* Information shown
····················
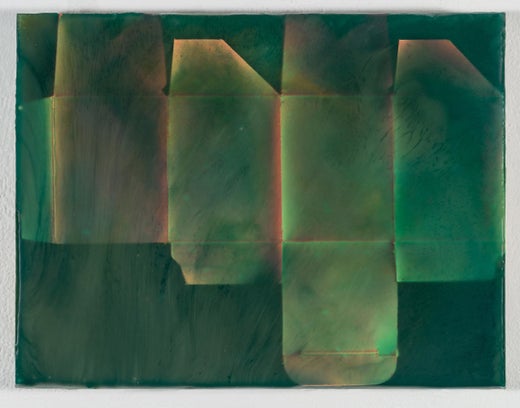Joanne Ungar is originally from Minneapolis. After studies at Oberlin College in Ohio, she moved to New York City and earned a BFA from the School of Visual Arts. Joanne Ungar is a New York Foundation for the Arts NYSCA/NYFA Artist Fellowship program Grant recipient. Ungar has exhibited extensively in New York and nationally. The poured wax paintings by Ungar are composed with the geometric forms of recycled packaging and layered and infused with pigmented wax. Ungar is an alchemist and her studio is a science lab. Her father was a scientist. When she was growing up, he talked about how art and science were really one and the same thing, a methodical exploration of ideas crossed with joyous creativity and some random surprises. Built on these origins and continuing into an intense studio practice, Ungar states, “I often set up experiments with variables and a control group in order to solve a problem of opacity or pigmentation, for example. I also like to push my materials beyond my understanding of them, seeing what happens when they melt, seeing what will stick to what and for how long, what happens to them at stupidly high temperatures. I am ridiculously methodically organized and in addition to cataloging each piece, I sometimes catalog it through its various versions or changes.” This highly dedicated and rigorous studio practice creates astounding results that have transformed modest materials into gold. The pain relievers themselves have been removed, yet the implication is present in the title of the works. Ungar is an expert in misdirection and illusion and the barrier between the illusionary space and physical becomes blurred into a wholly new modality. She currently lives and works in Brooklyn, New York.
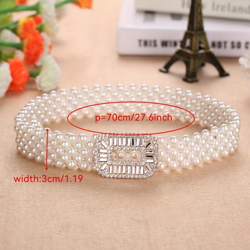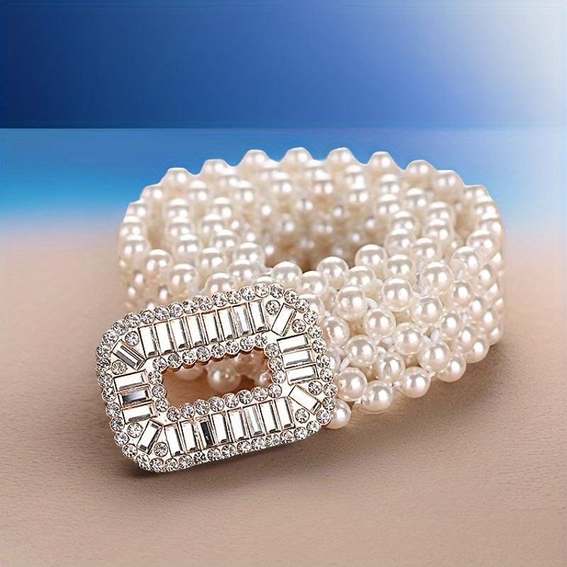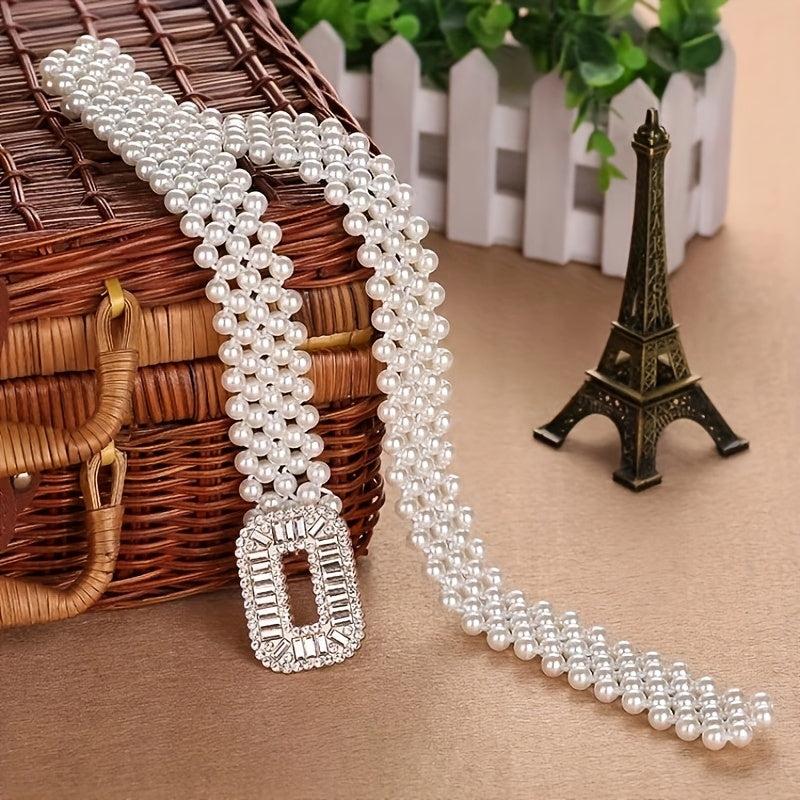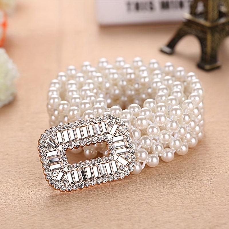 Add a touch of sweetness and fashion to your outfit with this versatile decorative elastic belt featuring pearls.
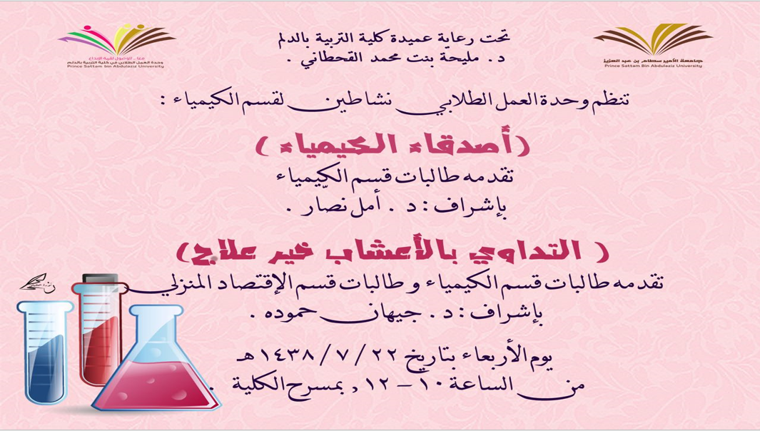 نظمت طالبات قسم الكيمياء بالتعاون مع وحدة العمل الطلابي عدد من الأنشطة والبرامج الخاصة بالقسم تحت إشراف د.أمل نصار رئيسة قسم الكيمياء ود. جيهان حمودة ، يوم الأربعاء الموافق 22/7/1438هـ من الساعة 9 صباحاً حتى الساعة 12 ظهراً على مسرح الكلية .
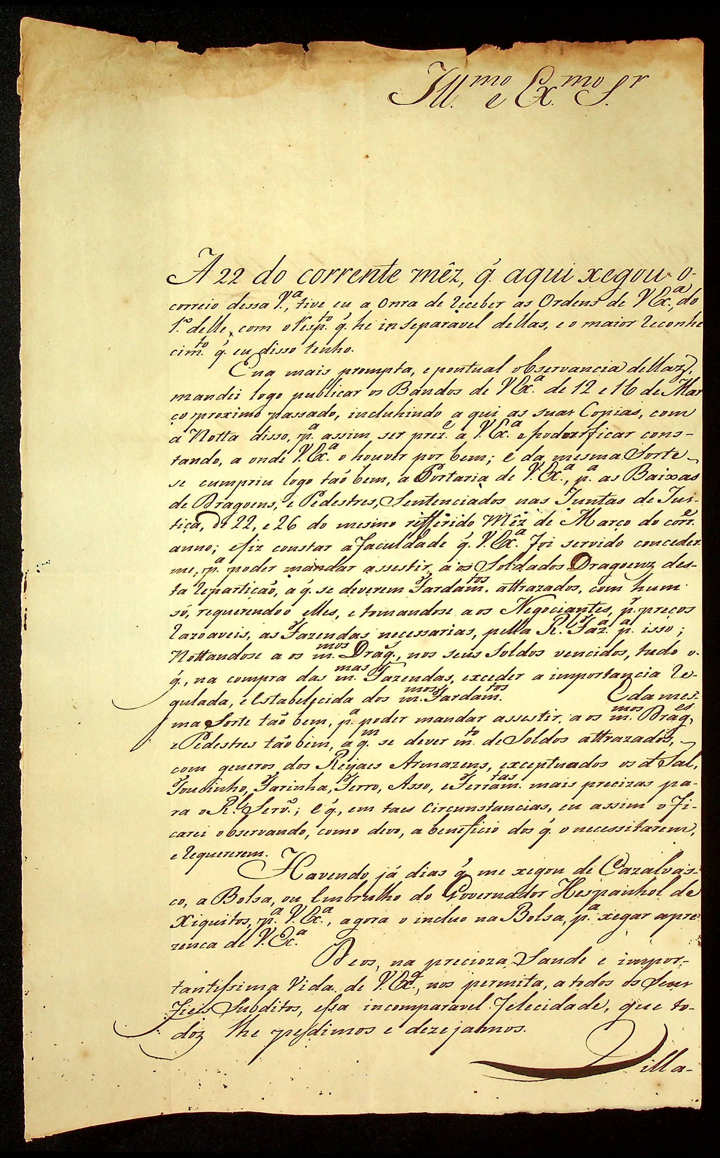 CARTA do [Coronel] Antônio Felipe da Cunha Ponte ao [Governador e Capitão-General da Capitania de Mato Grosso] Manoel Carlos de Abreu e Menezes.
····················
* Exercise
Beginning with the line that contains "Add a touch", repeat every remaining line of the data exactly, the last line included, and omit pictures.

* Response below
 Add a touch of sweetness and fashion to your outfit with this versatile decorative elastic belt featuring pearls.
 نظمت طالبات قسم الكيمياء بالتعاون مع وحدة العمل الطلابي عدد من الأنشطة والبرامج الخاصة بالقسم تحت إشراف د.أمل نصار رئيسة قسم الكيمياء ود. جيهان حمودة ، يوم الأربعاء الموافق 22/7/1438هـ من الساعة 9 صباحاً حتى الساعة 12 ظهراً على مسرح الكلية .
 CARTA do [Coronel] Antônio Felipe da Cunha Ponte ao [Governador e Capitão-General da Capitania de Mato Grosso] Manoel Carlos de Abreu e Menezes.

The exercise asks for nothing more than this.